SPAdes genome assembler and its applications to emerging NGS technologies

Pavel Pevzner, University of California, San Diego
Host: Ben Langmead

The lion’s share of bacteria in various environments cannot be cloned in the laboratory and thus cannot be sequenced using existing technologies. A goal of single-cell genomics (SCG) is to complement gene-centric metagenomic data with whole-genome assemblies of uncultivated organisms. Assembly of SCG data is challenging because of highly non-uniform read coverage and highly elevated levels of chimeric reads/read-pairs. We describe SPAdes, an assembler for both SCG and standard (multicell) assembly that incorporates a number of new algorithmic ideas. We demonstrate that recently developed single-cell assemblers not only enable single-cell sequencing, but also improve on conventional assemblers on their own turf. We further describe (i) TrueSPAdes that assembles accurate and long (10Kb) reads generated by the recently released Illumina TrueSeq technology, (ii) transSPAdes for transcriptome assembly, and (iii) dipSPAdes for assembling highly polymorphic diploid genomes. Finally, we show that the de Bruijn graph assembly approach is well suited to assembling long and highly inaccurate SMRT reads generated by Pacific Biosciences.

Speaker Biography

Dr. Pevzner is Ronald R. Taylor Distinguished Professor of Computer Science and Director of the National Technology Center for Computational Mass Spectrometry at University of California, San Diego. He holds Ph.D. (1988) from Moscow Institute of Physics and Technology, Russia.
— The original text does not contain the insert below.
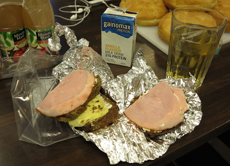 Frukost nr 2 (intogs efter träning på KTH-Hallen): 2 skink- och Philadelphiamackor, 1 smör- och ostmacka (bakade nytt P-bröd i förrgår – SÅ gott!), 1 Gainomax (tillåtet trots att det är lite kosttillskottsvarning) och 1 kopp te.
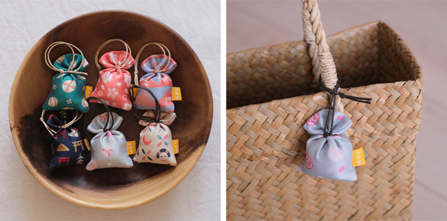 薫々のとなりのお店「カランコロン京都」とのコラボレーションによる匂い袋。

He was named Howard Hughes Medical Institute Professor in 2006. He was elected the Association for Computing Machinery Fellow (2010) for “contribution to algorithms for genome rearrangements, DNA sequencing, and proteomics” and the International Society for Computational Biology Fellow (2012). He was awarded a Honoris Causa (2011) from Simon Fraser University in Vancouver. Dr. Pevzner has authored textbooks “Computational Molecular Biology: An Algorithmic Approach” in 2000, “Introduction to Bioinformatics Algorithms” in 2004 (with Neal Jones), and “Bioinformatics Algorithms: An Active Learning Approach” in 2014 (with Phillip Compeau).